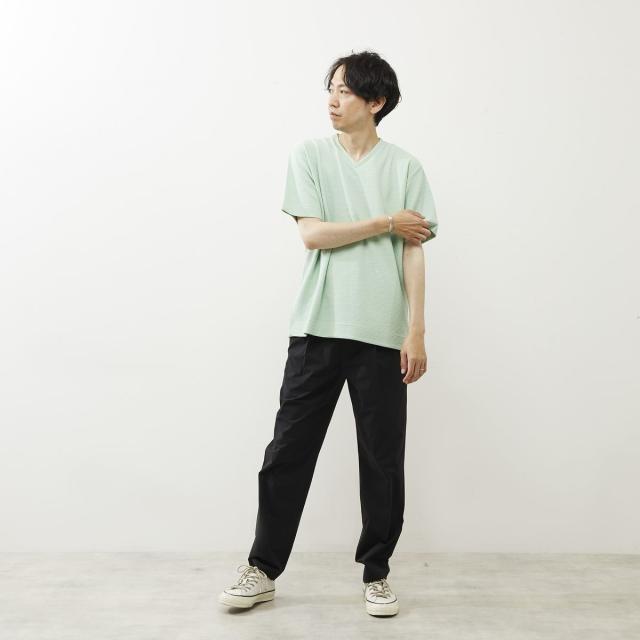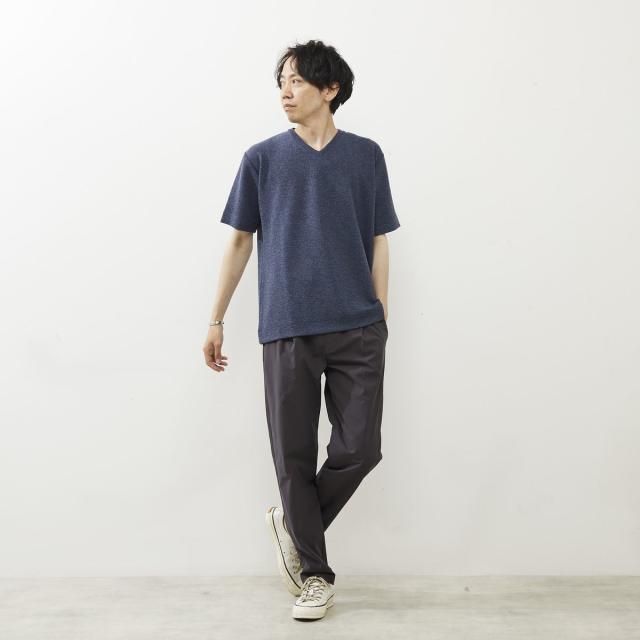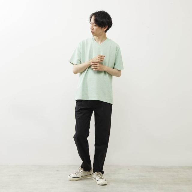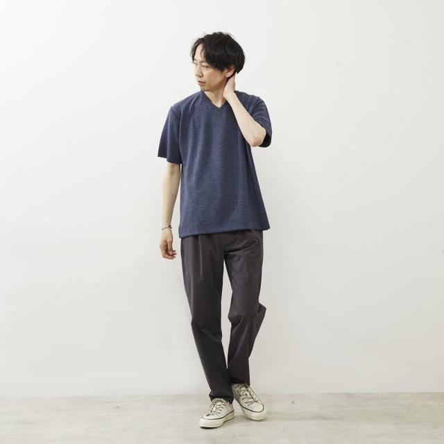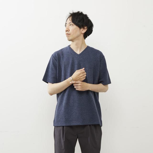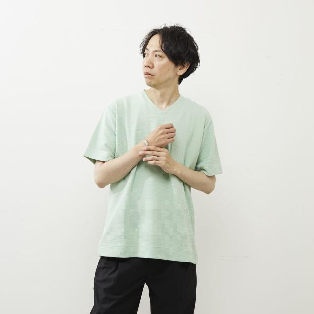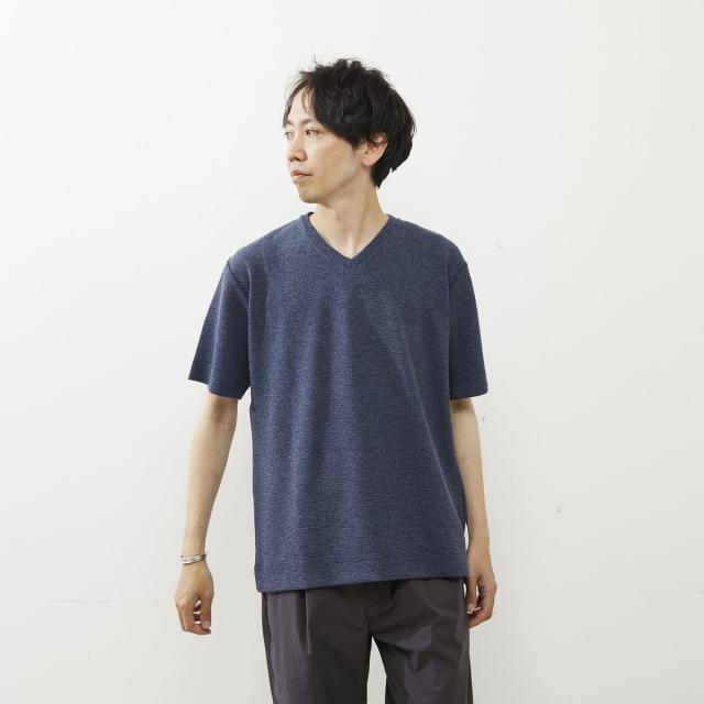 シュリンクジャガードVネックTシャツ
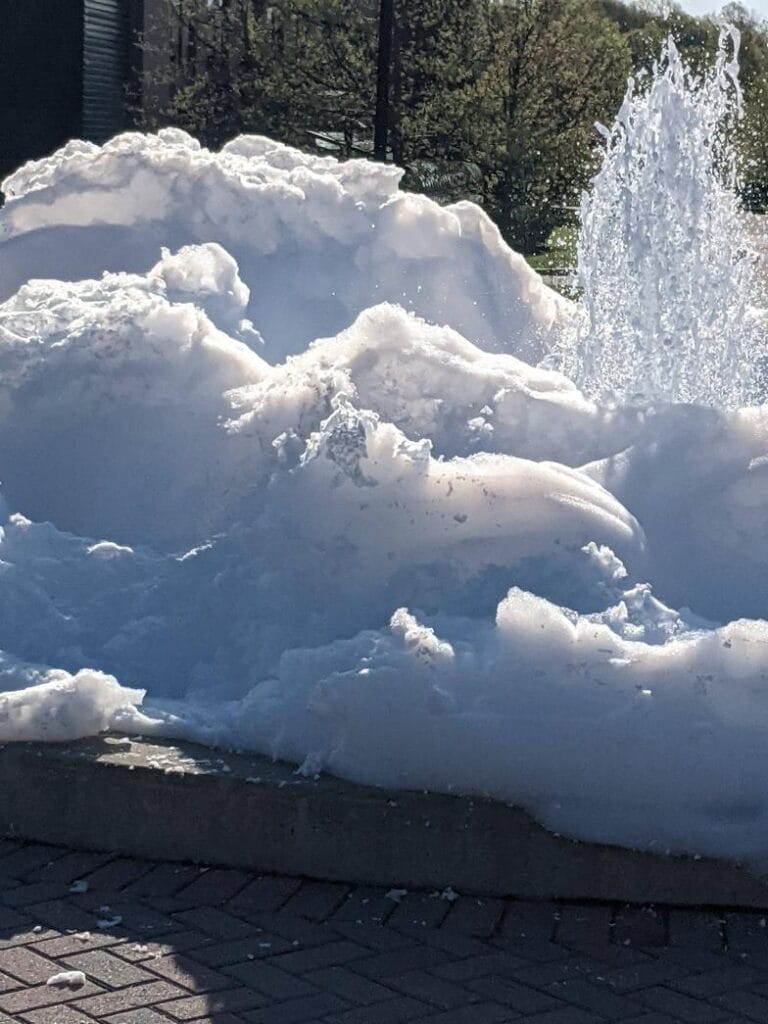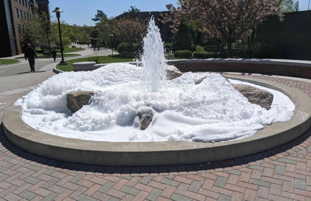 The soaped fountain: a symbol of a vibrant student culture at RIT, May 14, 2021. Photo Credit: u/Quarter_Adorable on r/rit.
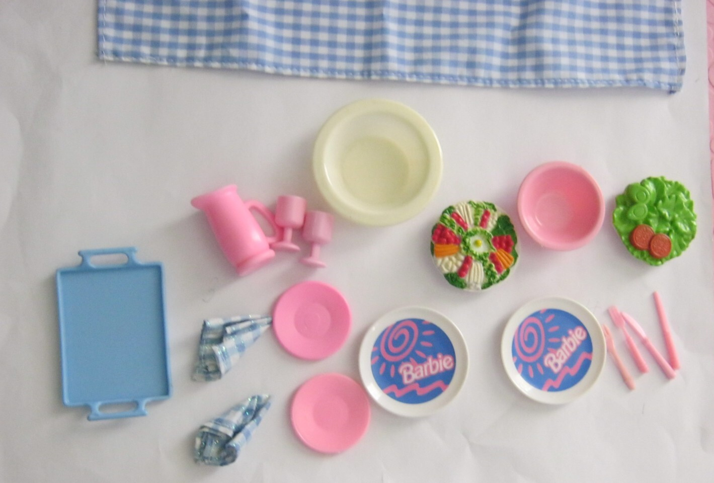 Vintage Barbie Multicolor Dishes Service for 2 Barbie Logo Dishes Lot of 20 pcs
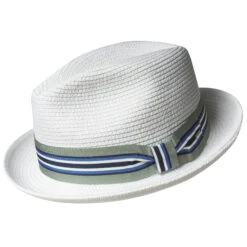 The Stetson Cranston Porkpie Hat is a bold take on the traditional porkpie. A slightly higher 3 1/2 inch telescope crown meets a curved 1 1/2 inch brim for a unique style, paired with a wider ribbon hat band tied in a neat bow and topped with a Stetson wordmark pin. The soft felt hat has a cotton sweatband inside for comfort, whether you’re building an empire or just out on the town. Made in the USA.

## Work task
Above, find the line with "The soaped fountain: a"; copy it and every line down to the line with "Vintage Barbie Multicolor", exactly and both included, but no pictures.

## Response for this exercise
 The soaped fountain: a symbol of a vibrant student culture at RIT, May 14, 2021. Photo Credit: u/Quarter_Adorable on r/rit.
 Vintage Barbie Multicolor Dishes Service for 2 Barbie Logo Dishes Lot of 20 pcs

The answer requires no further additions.